A 150-year-old church, badly damaged by a fire just before Christmas 2017, would be rebuilt at a different location as part of a proposed community development in Lebanon.
The new Bethel African American Methodist Church could be under construction later this year a few blocks away from its historic location, still on Cherry Street but near Pleasant Square Park, according to church officials.
The community development plan, scheduled for discussion during a Lebanon City Council work session, also includes a community center, business incubator and homes, all on 2.3 acres just north of the historic downtown district.
Church leaders said they were already planning for expansion before the church, dedicated in 1861, burned on Dec. 13, 2017, after members served the weekly community meal.
“We realized we would have to look outside the walls of our small church,” Raye Kimberlin said last week.
After the devastating fire, “We just felt God was leading us into our future,” Kimberlin added.
Last December, the church held a decommissioning ceremony acknowledging the fire had left the property best suited for sale, Kimberlin said.
“To move our mission forward, we had to say goodbye,” she said.
Instead of restoring or starting over at 111 N. Cherry, in the parking lot behind the Lebanon United Methodist Church, Bethel A.M.E. would rebuild on Cherry Street to the north across Warren Street, on one of the city-owned lots within the proposed 2.3-acre redevelopment area.
Church leaders are working with Brown and Bills Architects, lawyer Alan Schaeffer, HER Realtors and Scott Norris, a faith-based home rehabilitation specialist, according to their proposal.
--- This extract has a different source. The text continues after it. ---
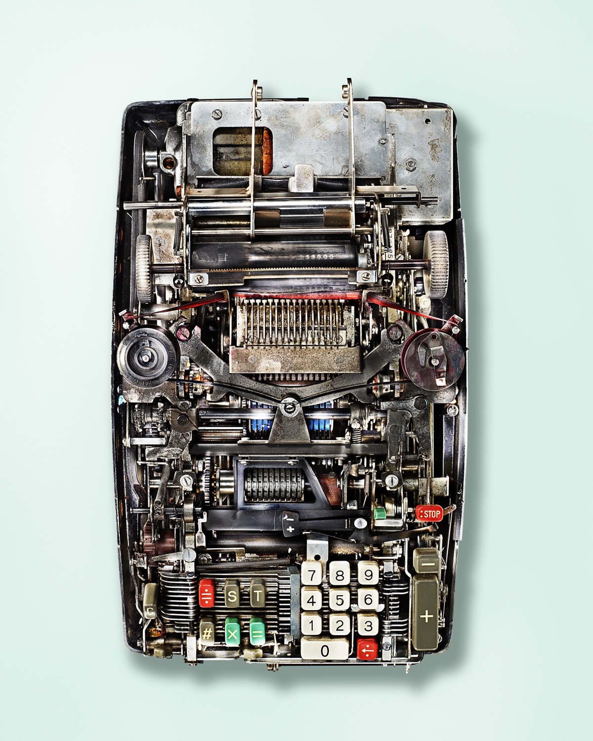 摄影师凯文·托米(Kevin Twomey)在他的项目“低技术”(Low Tech)中拍摄了机械计算器以及它们内脏的样子。机械计算器是电子计算器的祖先。这些巨大的金属盒子有打字机那么大,在当时价格不菲。事实上,它们并没有大规模生产,而是作为艺术创作而被珍视。

The church has also identified four home builders, according to Karen Schaeffer, church pastor.
The proposal was made in response to a request for qualifications to redevelop the area identified for community development during the city’s ThinkDowntown planning process.
On Tuesday, Bethel representatives are expected to meet for the second time in a work session with city council and staff.
“The ball’s in the development team’s court,” City Manager Scott Brunka said.
Brunka said Law Director Mark Yurick, who could not be reached for comment, was expected to brief the council on legal questions about signing a development agreement with the church.
Kimberlin said a church lawyer was forming Pleasant Square LLC to answer the questions.
The plan calls for the church to be built this year, a multi-purpose center and business incubator in a second phase, and more owner-occupied homes in the final phase.
The development was proposed in response to requests for qualifications for this area and at 511 N. Broadway.
Developer Jim Cohen’s plan for a mix of restaurants and upscale multi-family housing at 511 has been approved, a short walk from Pleasant Square, near the historic Berry School.
Pleasant Square is designed to help the city and allow the church to reopen at a different location with additional community development, Kimberlin said.
“Ultimately, we want to help the city achieve their goals,” Kimberlin said.
Church leaders are waiting to see what comes of their proposal before deciding whether to sell the former church location, Kimberlin said.
Meanwhile, the church is located in an office suite at 550 Mound Ct. in Lebanon.
“There are still a lot of decisions to be made,” Schaeffer said.
The council is to discuss the project during a work session in the 1st floor conference room beginning at 7 p.m. Tuesday at Lebanon City Hall, 50 S. Broadway in Lebanon.